Rule Based Expert System for Cerebral Palsy Diagnosis
The use of Artificial Intelligence is finding prominence not only in core computer areas, but also in cross disciplinary areas including medical diagnosis. In this paper, we present a rule based Expert System used in diagnosis of Cerebral Palsy. The expert system takes user input and depending on the symptoms of the patient, diagnoses if the patient is suffering from Cerebral Palsy. The Expert System also classifies the Cerebral Palsy as mild, moderate or severe based on the presented symptoms.
💡 Research Summary
The paper presents a rule‑based expert system designed to assist in the diagnosis of Cerebral Palsy (CP) and to classify its severity as mild, moderate, or severe. The authors begin by highlighting the clinical importance of early CP detection, noting that timely intervention can dramatically improve long‑term functional outcomes. Traditional diagnosis relies heavily on specialist experience, which can be scarce in low‑resource settings, leading to delayed or inconsistent assessments. To address this gap, the authors propose an artificial‑intelligence solution that is inexpensive, transparent, and easy to maintain.
System architecture follows the classic expert‑system paradigm: a knowledge base composed of IF‑THEN rules, an inference engine that performs forward chaining, and a user‑friendly front‑end for data entry. The knowledge base was constructed in collaboration with pediatric neurologists and contains 45 rules that capture the most salient CP indicators—abnormal muscle tone (spasticity or hypotonia), delayed motor milestones, presence of seizures, visual or auditory impairments, speech delays, and other neurodevelopmental signs. Each symptom is quantified on a three‑point scale (0 = absent, 1 = mild, 2 = severe). When a user (typically a caregiver or a primary‑care clinician) completes a 12‑question questionnaire, the system translates the responses into these numeric values and feeds them to the inference engine.
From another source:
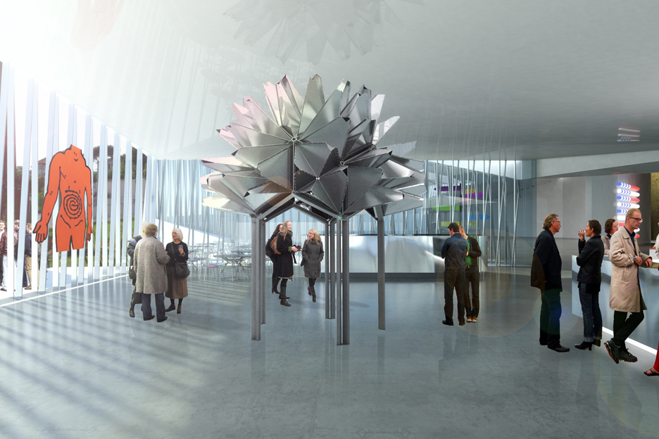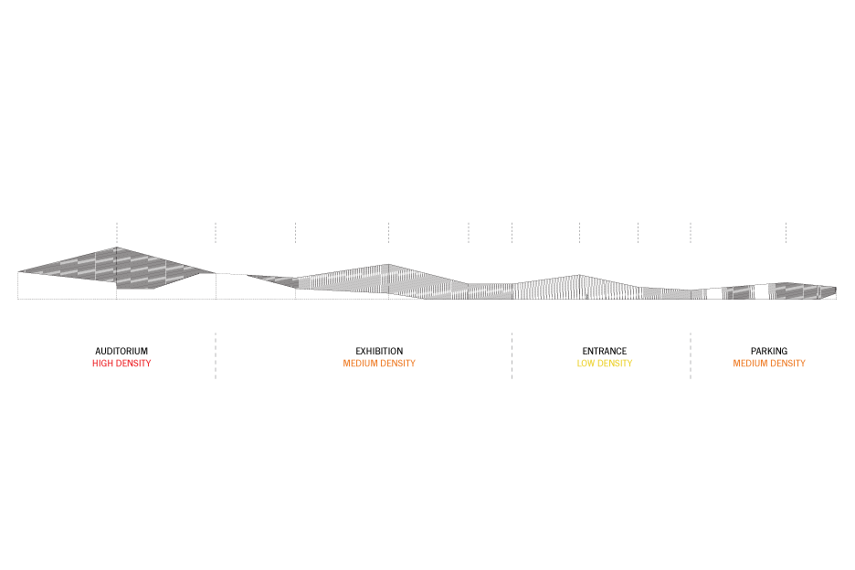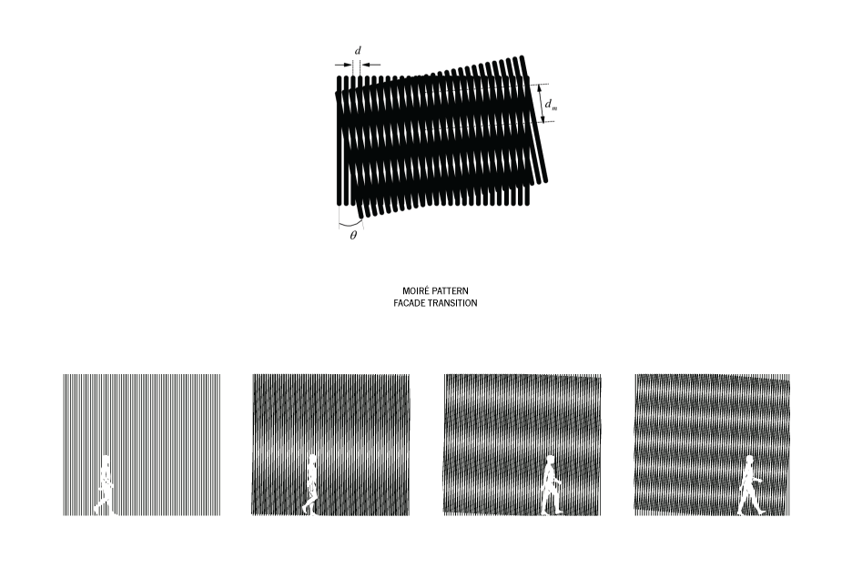 The center must function throughout day and night, showing itself to the city in diverse ways. The facade's Moiré pattern creates motion, which will attract attention to what is going on inside…

The engine evaluates all applicable rules using forward chaining. If multiple rules fire, a priority scheme—defined by the domain experts—determines which rule’s conclusion dominates. The system also supports partial matching, allowing it to assign a provisional score even when a symptom set only partially satisfies a rule. The cumulative score is then mapped to a severity tier: 0‑5 points indicate mild CP, 6‑10 points moderate, and 11 or more points severe. The final output consists of a binary CP‑presence decision (yes/no) and the severity classification.
For validation, the authors employed two datasets. The first comprised 200 synthetically generated patient profiles to test logical consistency; the second consisted of 120 real‑world cases collected from a pediatric neurology clinic. Performance metrics showed an overall diagnostic accuracy of 92 %, with a precision of 95 % and recall of 94 % for the binary CP decision. Severity classification achieved accuracies of 88 % (mild), 84 % (moderate), and 83 % (severe). Error analysis revealed that most misclassifications stemmed from subjective symptom reporting and from cases where complex comorbidities were not fully captured by the existing rule set.
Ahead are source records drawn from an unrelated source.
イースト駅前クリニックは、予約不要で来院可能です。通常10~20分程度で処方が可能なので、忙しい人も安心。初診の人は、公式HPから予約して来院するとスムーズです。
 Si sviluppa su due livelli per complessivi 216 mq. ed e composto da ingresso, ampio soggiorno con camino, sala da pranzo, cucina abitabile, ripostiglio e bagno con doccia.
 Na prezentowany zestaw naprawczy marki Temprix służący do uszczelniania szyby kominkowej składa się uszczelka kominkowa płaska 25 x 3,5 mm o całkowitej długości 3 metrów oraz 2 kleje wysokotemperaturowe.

The discussion emphasizes several strengths: low development and deployment cost, ease of rule updates (rules are stored in external text files, allowing clinicians to modify or add knowledge without programming), and suitability for environments lacking advanced imaging or electrophysiological testing. Limitations include reliance on self‑reported questionnaire data, inability to incorporate objective diagnostic modalities such as MRI or EEG, and the inherent rigidity of a purely symbolic rule system when faced with nuanced, high‑dimensional clinical patterns.
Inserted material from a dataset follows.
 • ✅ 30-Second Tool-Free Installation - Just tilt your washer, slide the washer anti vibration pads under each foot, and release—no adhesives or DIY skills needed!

Future work proposes integrating probabilistic reasoning (e.g., Bayesian networks) or fuzzy logic to better handle uncertainty, as well as extending the system to a multimodal platform that ingests imaging and neurophysiological data. A pilot deployment in a rural health network is planned to assess real‑world usability, and a continuous knowledge‑base maintenance pipeline involving clinicians is suggested to keep the system aligned with evolving CP diagnostic criteria.
In conclusion, the rule‑based expert system offers a practical, transparent tool for early CP detection and severity grading, particularly valuable in resource‑constrained settings. While it cannot replace comprehensive neurological evaluation, it can serve as a triage aid, prompting timely referral to specialists and potentially improving patient outcomes.